Connolly was ordained to the priesthood by Bishop Daniel Feehan for the Diocese of Providence on December 21, 1923. After his ordination, Connolly served as a curate at Our Lady of Lourdes Parish in Wellfleet, Massachusetts.

In 1924, after being incardinated, or transferred, to the Archdiocese of St. Paul in Minnesota, Connolly entered Catholic University of Leuven in Leuven, Belgium. He earned a doctorate in historical science summa cum laude in 1928. After receiving his doctorate, Connolly traveled to St. Paul, Minnesota, where he served as a professor and then rector of Nazareth Hall Preparatory Seminary in Arden, Hills, Minnesota, from 1940 to 1943 and Saint Paul Seminary in St. Paul from 1943 to 1945.

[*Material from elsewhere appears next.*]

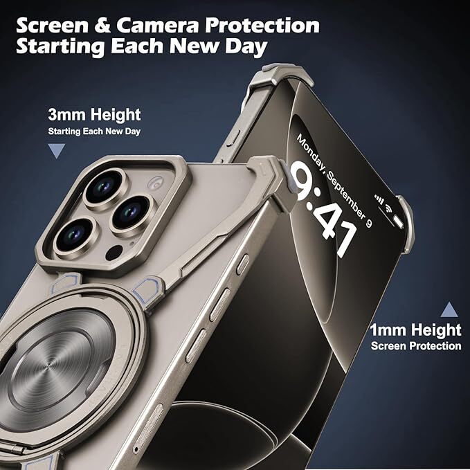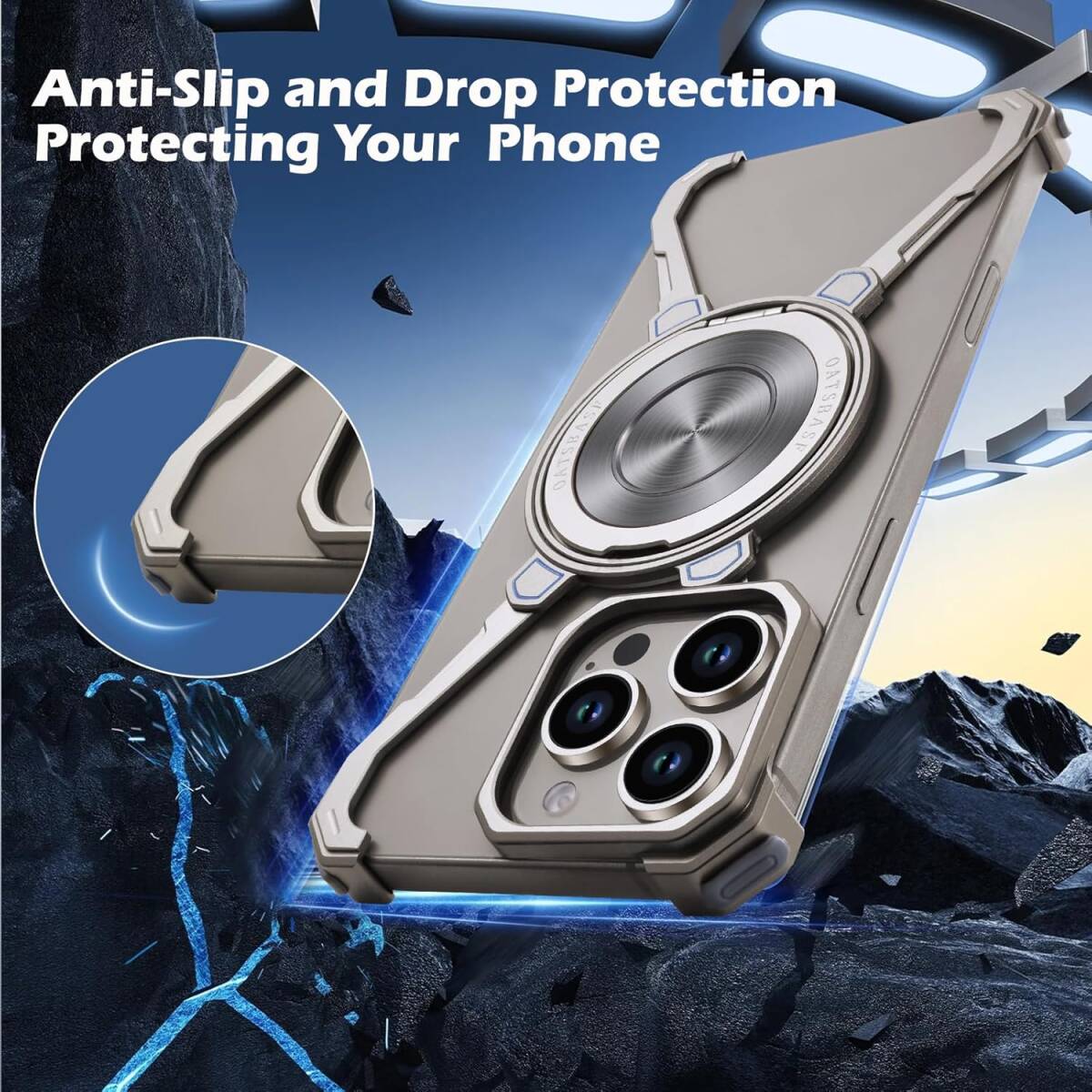 Amazon | OGRANEE iPhone 16 Pro Max 用メタルフレームレスケース、Mag Safe 対応 360° 回転可能なキックスタンド付き、ミニマリストなスリムなハードバンパーで耐衝撃性に優れ、16 Pro Max 用の超薄型カバーで、リングホルダー付きマグネット式スタンド搭載 ナチュラルチタンカラー
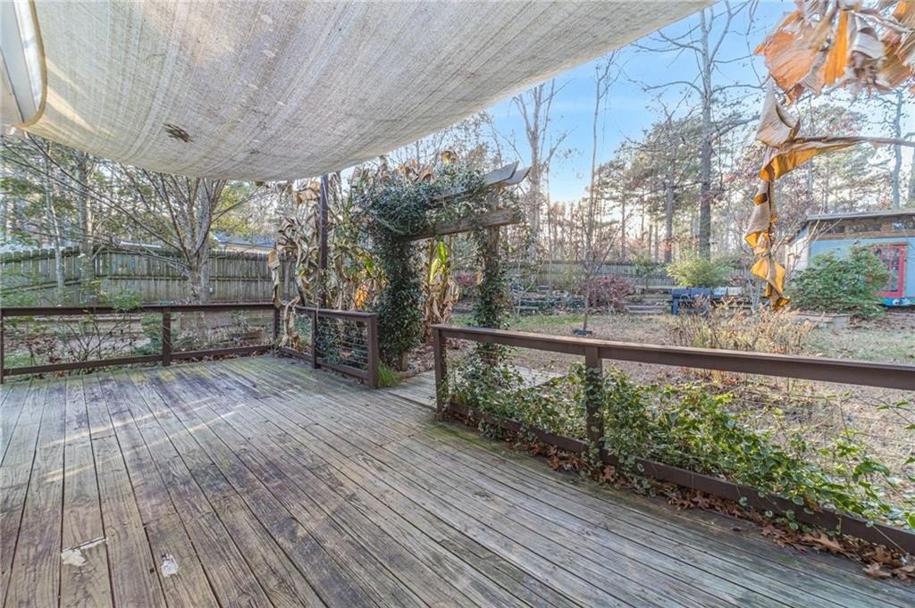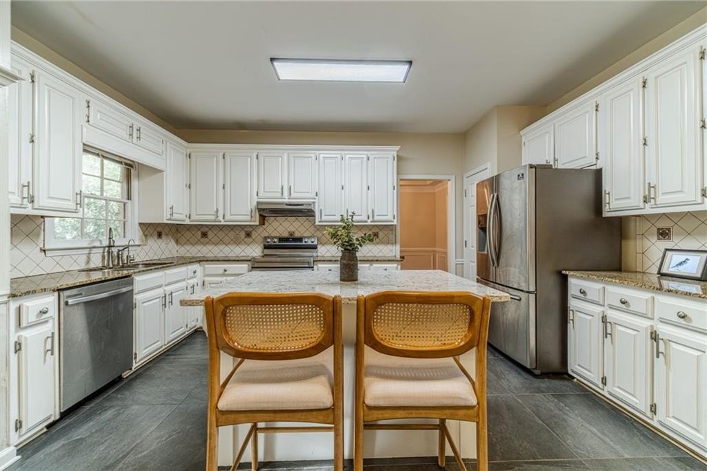 Experience exceptional comfort and versatility in this beautifully maintained home, privately set back from the road in an established, safe, and highly desirable neighborhood known for its sought-after school systems and close proximity to top-rated schools, shopping centers, dining, and everyday conveniences. The long, extended driveway—rarely found in today’s market—offers parking for up to ten cars, making arrival and hosting effortless. Fresh interior paint welcomes you inside, where a thoughtful layout caters to modern living. A dedicated den provides an ideal home office, while the spacious family room creates a warm setting for gatherings and relaxation. Smart-home features, including a smart thermostat, enhance both comfort and efficiency. The bright, inviting kitchen features granite countertops, abundant white cabinetry, stainless steel appliances, and a comfortable breakfast area, with seamless connection to the formal dining room to make hosting easy and enjoyable. This home also offers the exceptional benefit of having two separate Owner’s Suites. The main-level suite boasts an updated bathroom with a soaking tub, separate shower, and double vanity. The upper-level suite is impressively spacious, complete with a large en suite bath, double vanities, an oversized shower, and a charming hidden storage closet. The additional bedrooms are generously sized with plentiful closet space and share a well-appointed hall bath. Outdoors, the fenced backyard provides a peaceful escape. Mature trees, vibrant shrubs, tranquil seating areas, and a serene KOI pond create a true retreat—perfect for gardening, relaxing, or quiet mornings with nature. With its unbeatable location, smart-home upgrades, fresh cosmetic touches, expansive parking, and rare dual-suite floorplan, this property brings together comfort, privacy, and convenience in one exceptional offering.

=== Coadjutor Bishop and Bishop of Fall River ===
On April 7, 1945, Connolly was appointed coadjutor bishop of Fall River and titular bishop of Mylasa by Pope Pius XII. He received his episcopal consecration at the Cathedral of Saint Paul in St. Paul on May 24, 1945, from Archbishop John Murray, with Bishops William O. Brady and Leo Binz serving as co-consecrators. In addition to his episcopal duties, he served as pastor of Sacred Heart Parish from 1945 to 1951. Upon the death of Bishop James Cassidy, Connolly automatically succeeded him as the fourth bishop of Fall River on May 17, 1951.

During his tenure as bishop, Connolly erected 15 new parishes, 17 schools, and 33 churches. He also established the following high schools in the diocese:

- Bishop Stang High School in North Dartmouth
- Bishop Feehan High School in Attleboro
- Bishop Cassidy High School in Taunton
- Bishop Connolly High School in Fall River

Connolly encouraged vocations, ordaining a total of 230 priests (130 for the diocese and 100 for religious communities) during his administration. He founded the diocesan newspaper, The Anchor, in 1957. He attended all four sessions of the Second Vatican Council in Rome between 1962 and 1965.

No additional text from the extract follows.